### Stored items
▼▼▼
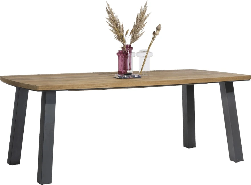 In de Arizona collectie vind je twee modern landelijke eetkamertafels met verschillende afmetingen. Er is een eettafel van 210 x 105 cm en een tafel van 160 x 105 cm. Opvallend aan de tafels zijn de stoere metalen tafelpoten. Het eiken houten tafelblad heeft afgeronde hoeken.
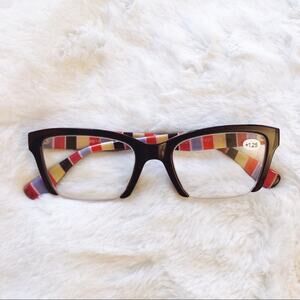 The Brooke reader glasses are known for its unique but classic look. A great accessory for any woman who loves to stand out and express her style in an understated way. The readers have a classic cat eye shape, plastic frame and offer clear reading.
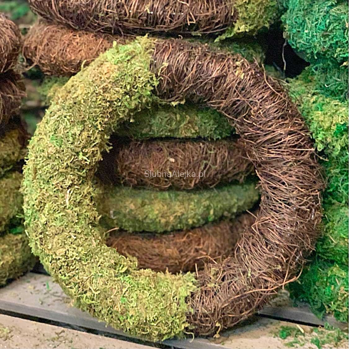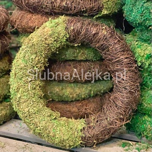 Ten wyjątkowo oryginalny wianek został wykonany z całkowicie naturalnego, jasnozielonego mchu oraz gałązek faszyny. Stanowi bazę do wykonania dekoracji kościoła lub sali weselnej. Jest to dekoracja florystyczna, a zatem do jej udekorowania wystarczą aplikacje osadzone na miękkim druciku, którym można opleść wianek, aby usztywnić ich mocowanie.
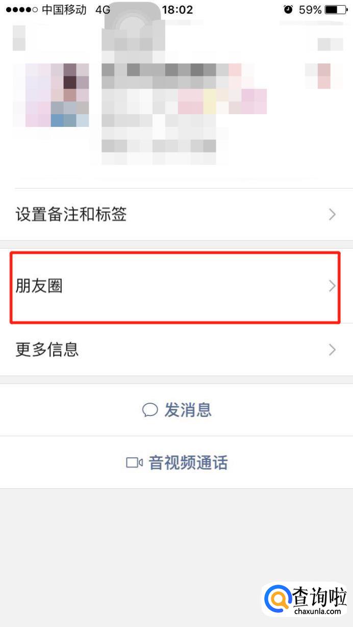 首先你想要知道别人有没有屏蔽你,先看一下有没有删除你。举个例子:对方没有删除你,打开他的个人信息页,显示的如图所示的样子,有【朋友圈】栏。
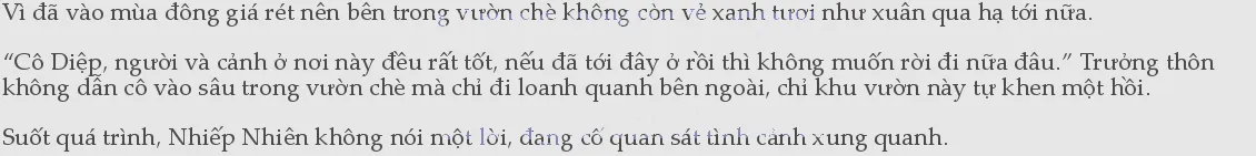 Nhiếp Nhiên1đi tới bên cạnh anh ta, nói một hơi: “Lá chè già cũng không được hái xuống, có vẻ đã bỏ hoang lâu lắm rồi.”
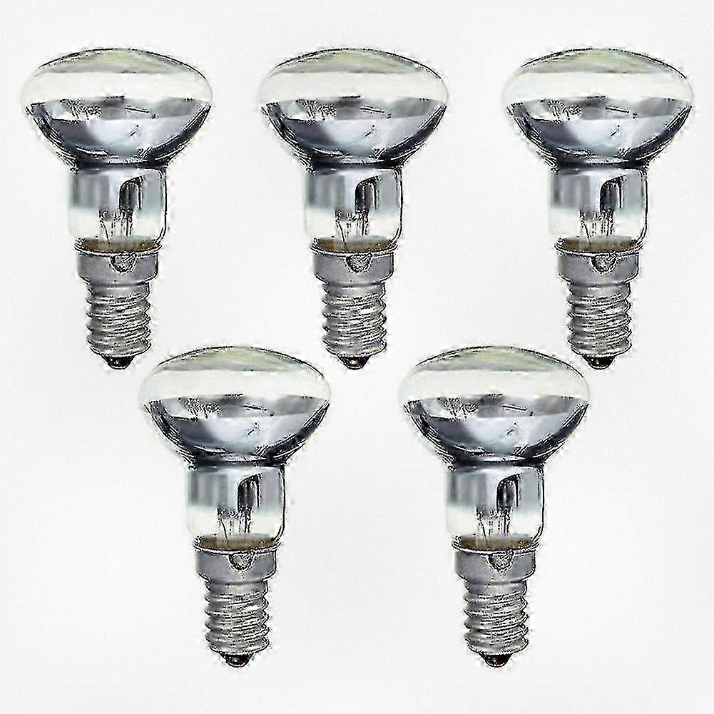 R39 reflector bulb with E17 base, ideal for lava lamps, glitter lamps, and cabinets. Suitable for standard small lava lamps, ensuring even heat distribution for optimal lava flow. Durable and energy-efficient with stable performance. Specs: - Voltage: 220-240V - Wattage: 30W - Base: E14 (136mm) - Material: Aluminum - Color: Transparent Package includes: 5 x bulbs Note: Slight color variations may occur due to lighting and display differences. Size tolerance: 1-3cm.
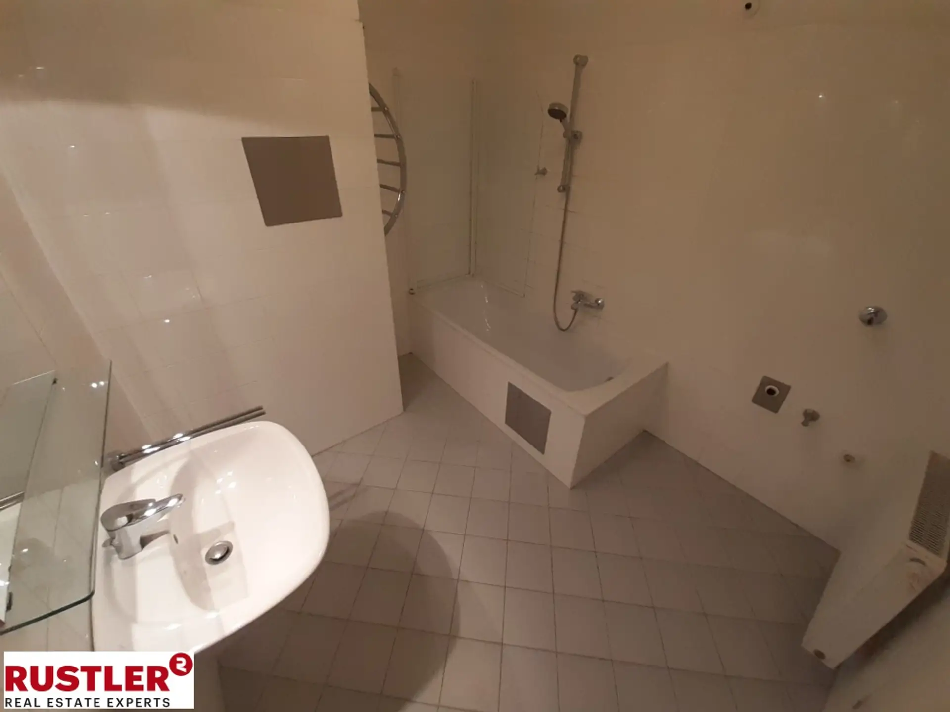 Das Badezimmer ist mit einer Badewanne, Waschbecken samt Armaturen und einem Waschmaschinenanschluss ausgestattet. Die Toilette ist separat.
▲▲▲
Would you retype the lines from the line containing "Nhiếp Nhiên1đi tới" to the final line of the entries above, exactly as given and without pictures?

### Completed task
 Nhiếp Nhiên1đi tới bên cạnh anh ta, nói một hơi: “Lá chè già cũng không được hái xuống, có vẻ đã bỏ hoang lâu lắm rồi.”
 R39 reflector bulb with E17 base, ideal for lava lamps, glitter lamps, and cabinets. Suitable for standard small lava lamps, ensuring even heat distribution for optimal lava flow. Durable and energy-efficient with stable performance. Specs: - Voltage: 220-240V - Wattage: 30W - Base: E14 (136mm) - Material: Aluminum - Color: Transparent Package includes: 5 x bulbs Note: Slight color variations may occur due to lighting and display differences. Size tolerance: 1-3cm.
 Das Badezimmer ist mit einer Badewanne, Waschbecken samt Armaturen und einem Waschmaschinenanschluss ausgestattet. Die Toilette ist separat.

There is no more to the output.